La década de 2010 ha sido una década increíble para el conocimiento, pero lo más importante es que los descubrimientos de esta década —y la rotunda falta de ellos— han cambiado la forma de pensar de los físicos en sus respectivos campos. La física de partículas y la astrofísica han entrado en una época nueva que cambiará la forma en que los investigadores hacen ciencia. Las nuevas tecnologías basadas en la mecánica cuántica podrían marcar un cambio importante en la informática, la ciencia de los materiales y la forma en que manejamos la energía.

“Parece que estamos en medio de un cambio de paradigma”, dijo a Gizmodo Natalia Toro, profesora asociada de física de partículas y astrofísica en la Universidad de Stanford. “Todavía no está claro a dónde vamos, pero creo que dentro de 50 años, la última década será recordada como el comienzo de un cambio importante en nuestra comprensión de la física”.

Encontrando las cosas más pequeñas

Esta década trajo cambios radicales en la forma de entender de los científicos tanto lo grande como lo más pequeño. Quizás lo más notable es que los científicos del Gran Colisionador de Hadrones, el gran acelerador de partículas que hay Ginebra, descubrieron pruebas de la existencia del bosón de Higgs, la última partícula descrita por la teoría central de la física de partículas, denominada Modelo Estándar.

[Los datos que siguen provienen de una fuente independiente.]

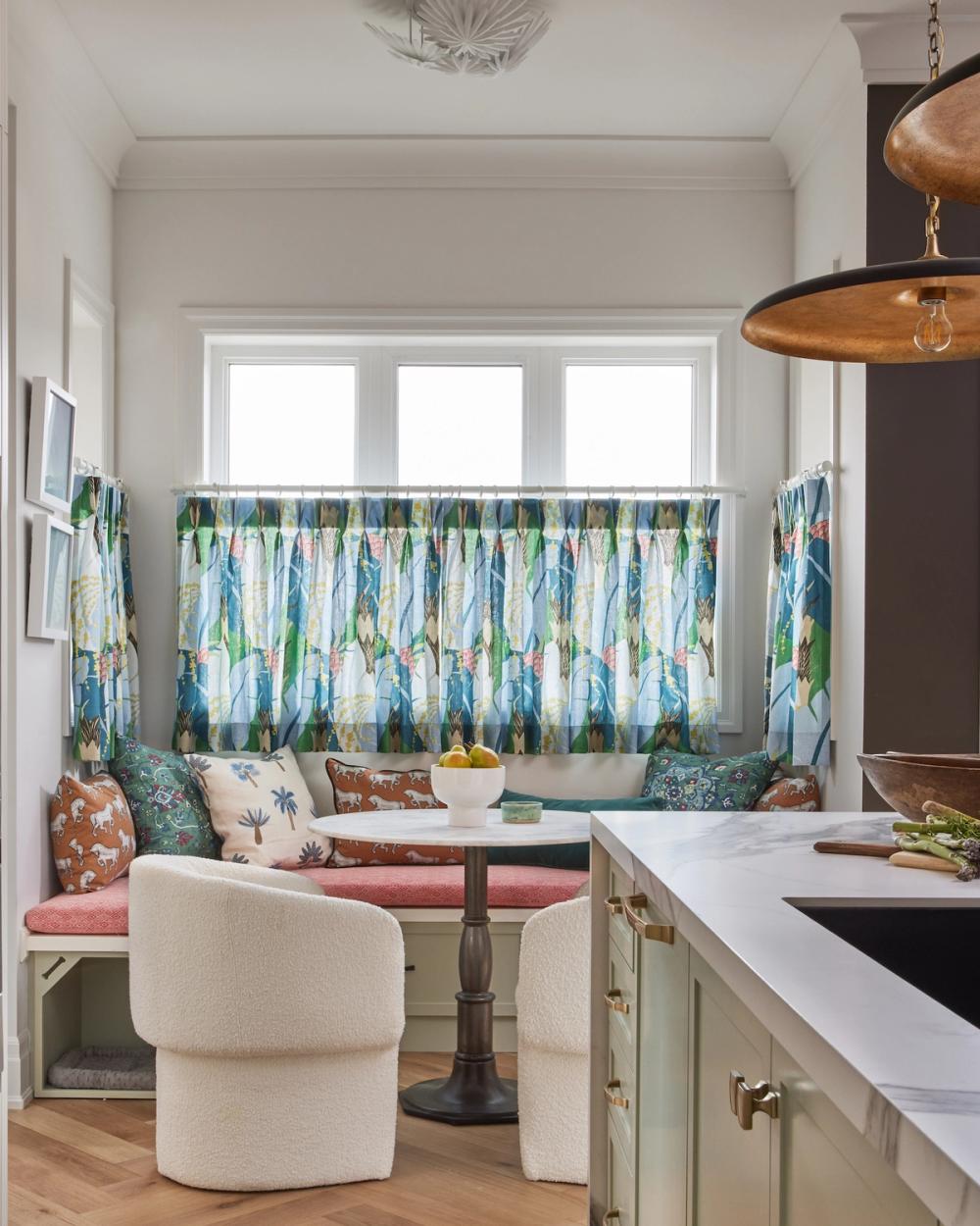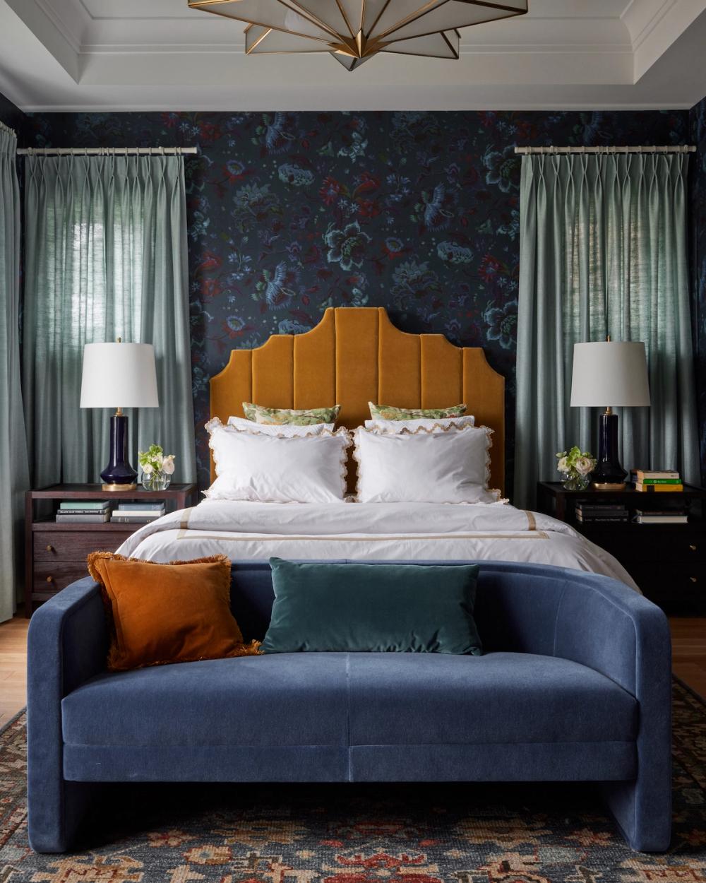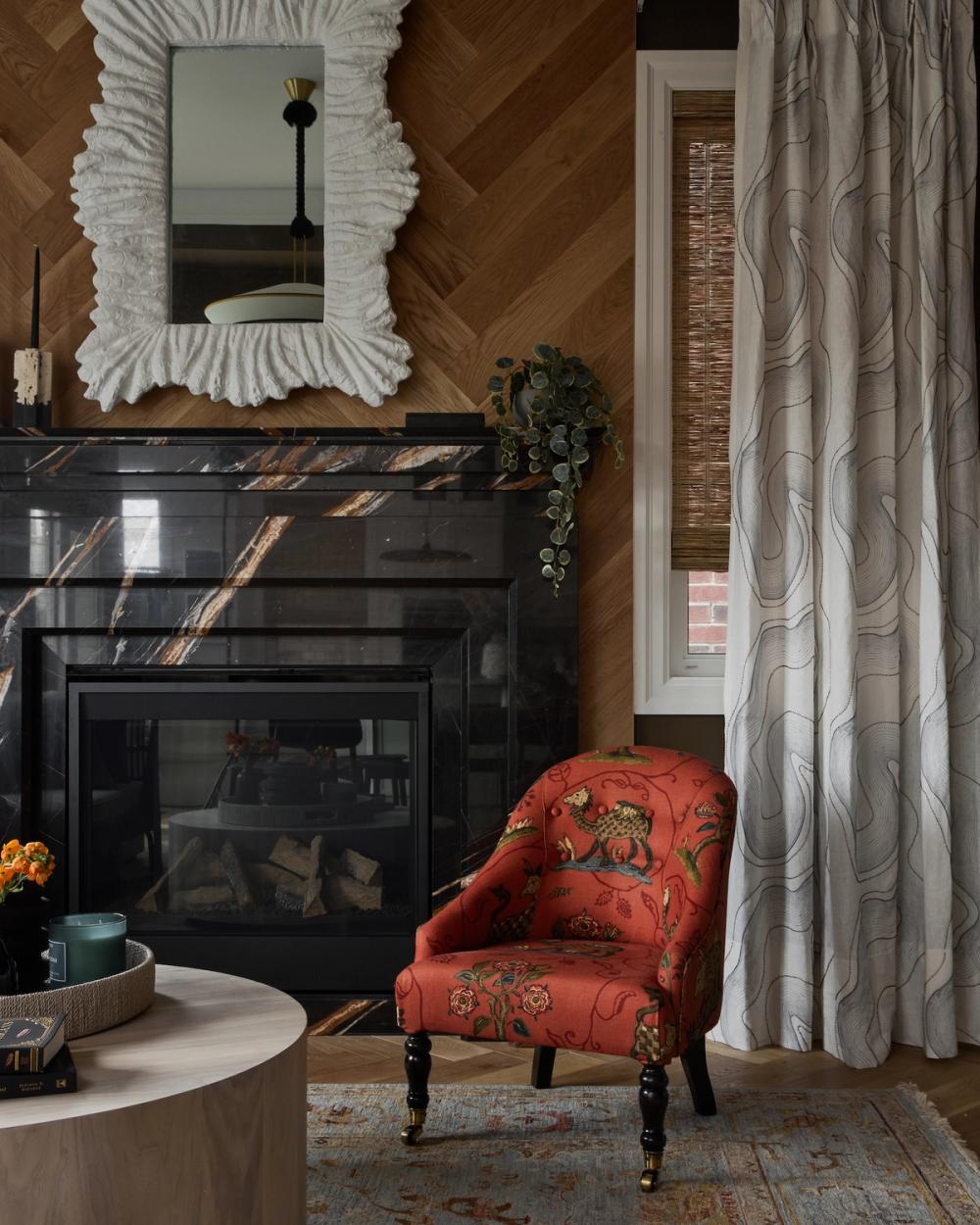 Modern bohemian luxury is imagined through chic smudged florals, deep veined marbles, and warm woods represented in jutes, wicker, and rope. A three-story home built during the height of the pandemic. With this shift in lifestyle in mind, the home was designed to maximize space and create zoned and desirable areas for family life, workplace, meditation and movement.

Antes de 1964, algunas teorías funcionaban bastante bien para describir el universo, pero tenían un problema: predecían que ciertas partículas que los físicos ya sabían que tenían masa deberían no tenerla. Más tarde, seis científicos (el más famoso era Peter Higgs), publicaron tres papers que solucionaban ese problema, detallando un mecanismo por el cual la masa podía convertirse en unas partículas que tuviesen fuerza, llamadas bosones de gauge, por lo que esas teorías que explicaban el universo aún serían correctas. Ese mecanismo requería la existencia de otra partícula, llamada bosón de Higgs. A pesar de buscarlo, nunca consiguieron dar con el bosón de Higgs, hasta esta década.

El Gran Colisionador de Hadrones (LHC, por sus siglas en inglés) del CERN, el experimento científico más grande jamás construido, abrió sus puertas en 2008. El 4 de julio de 2012, investigadores de todo el mundo abarrotaron auditorios y salas de conferencias para escuchar a los investigadores del LHC anunciar que habían descubierto pruebas del bosón de Higgs. Muchos dijeron que se habían encontrado todas las partículas que había predicho el Modelo Estándar, y que por lo tanto, el modelo estaba completo... ¿o quizás no?

El acelerador Linac4
Foto: Robert Hradil, Monika Majer/ProStudio22.ch

“Decir que hemos completado el Modelo Estándar implica que hemos acabado”, dijo a Gizmodo Patty McBride, distinguida científica del Laboratorio Nacional Fermi. “Y no lo hemos hecho”. Muchos misterios y, de hecho, alrededor del 96% de las cosas en el universo, aún no se pueden explicar por el Modelo Estándar.

El Gran Colisionador de Hadrones ha estado inquietantemente tranquilo desde 2012. Desde entonces se han obtenido muchos resultados interesantes que prueban el Modelo Estándar, pero no se han encontrado nuevas partículas después del bosón de Higgs. Los físicos esperaban que el CERN descubriera pruebas de otras partículas, como las supercompañeras. Se predijo que estas partículas proporcionarían simultáneamente una explicación de por qué la gravedad es mucho más débil que las otras fuerzas (piensa por ejemplo que toda la gravedad de la Tierra es incapaz de evitar que un imán de nevera atraiga un clip de metal) y podrían ser la verdadera identidad de la materia oscura, el misterioso material que parece formar el andamiaje del universo que no hemos sido capaces de observar directamente. Y aunque todavía quedan muchos datos del LHC para analizar y a pesar de que el LHC podrá aumentar dentro de poco la tasa de colisiones que es capaz de hacer, los científicos comienzan a preguntarse si alguna vez encontrarán pruebas de estas partículas.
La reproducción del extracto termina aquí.